• _Task item_: Below is a listing; transcribe it exactly but without any images.

• _Data_:

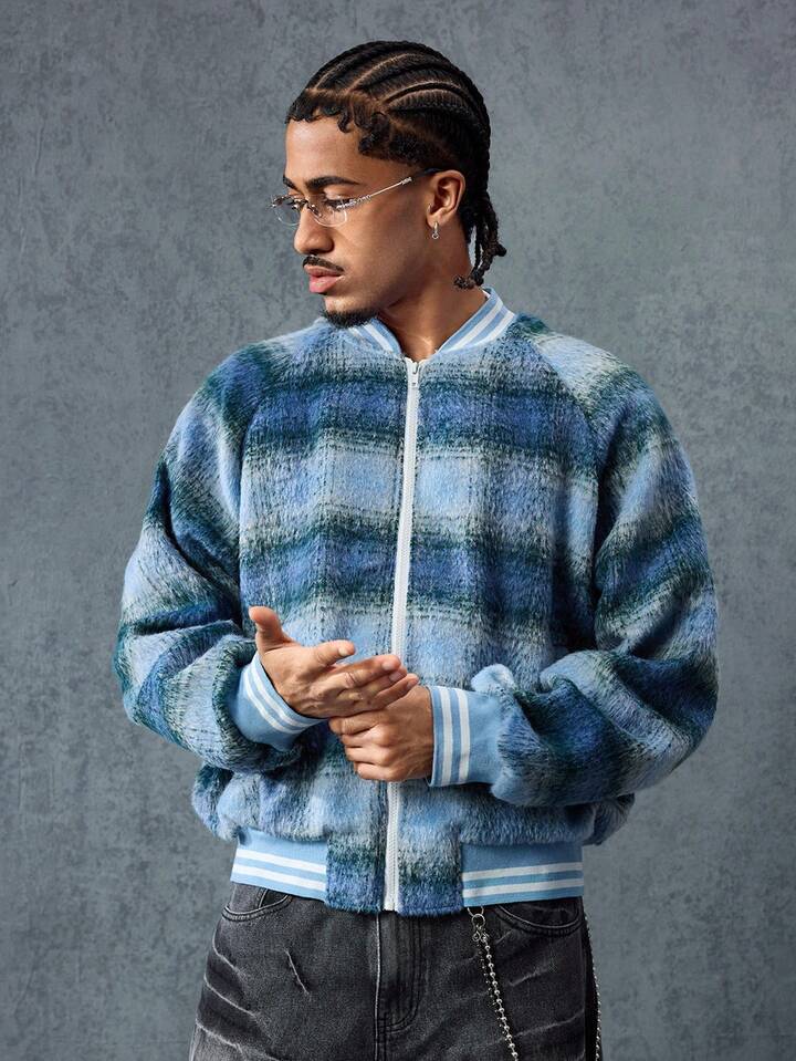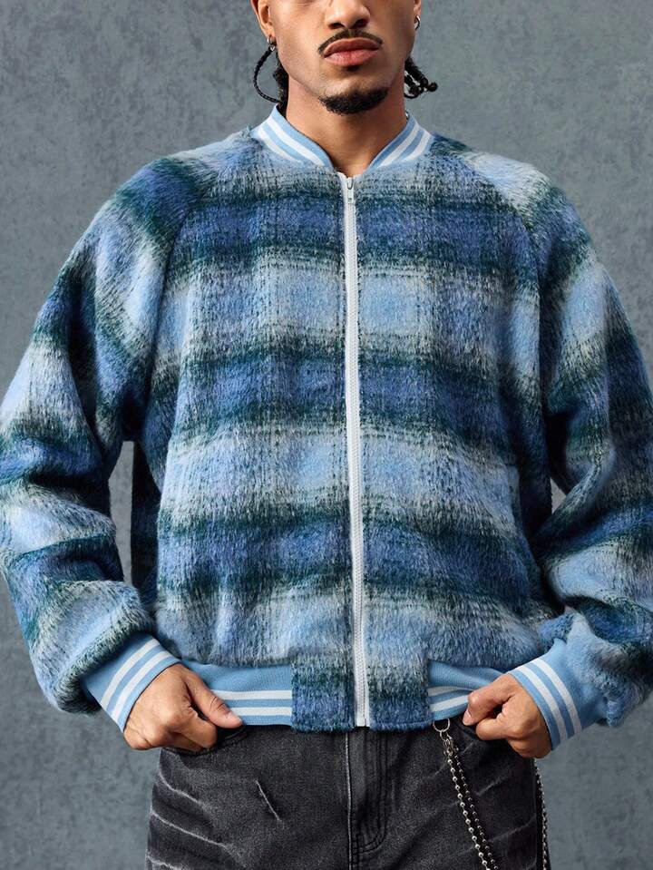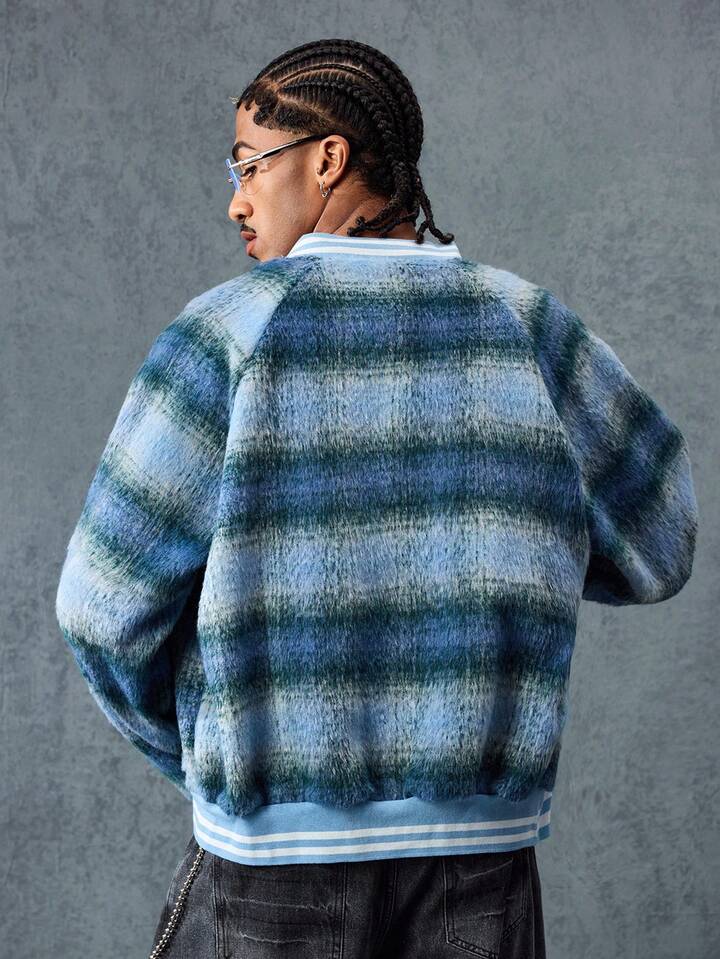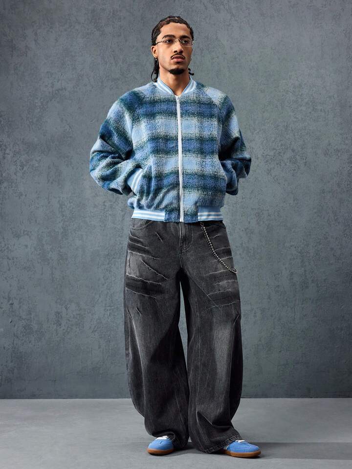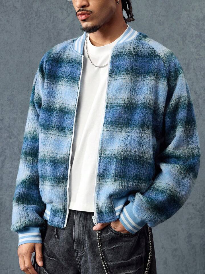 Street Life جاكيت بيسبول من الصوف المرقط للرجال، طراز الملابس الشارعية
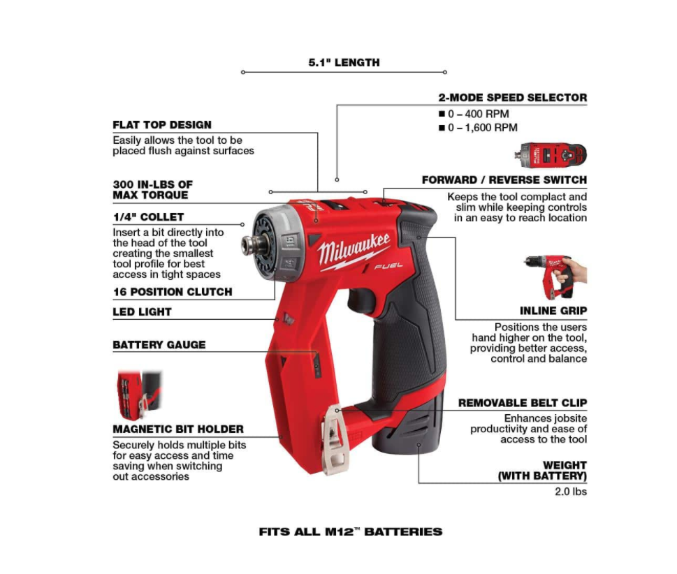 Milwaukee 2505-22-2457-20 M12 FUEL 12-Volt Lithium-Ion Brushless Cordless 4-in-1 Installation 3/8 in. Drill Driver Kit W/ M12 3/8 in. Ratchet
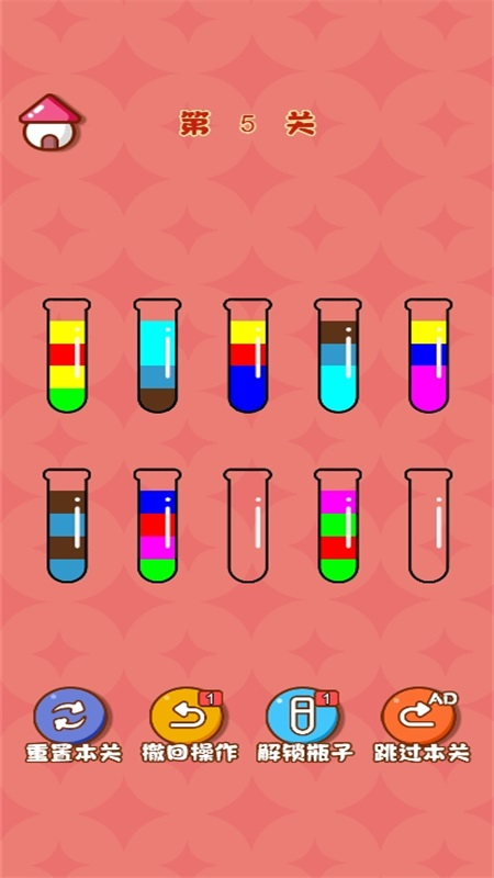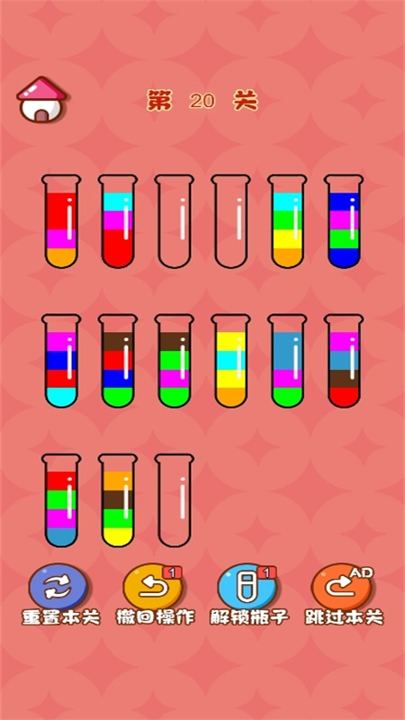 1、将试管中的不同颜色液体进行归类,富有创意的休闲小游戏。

• _Answer to this exercise_:
 Street Life جاكيت بيسبول من الصوف المرقط للرجال، طراز الملابس الشارعية
 Milwaukee 2505-22-2457-20 M12 FUEL 12-Volt Lithium-Ion Brushless Cordless 4-in-1 Installation 3/8 in. Drill Driver Kit W/ M12 3/8 in. Ratchet
 1、将试管中的不同颜色液体进行归类,富有创意的休闲小游戏。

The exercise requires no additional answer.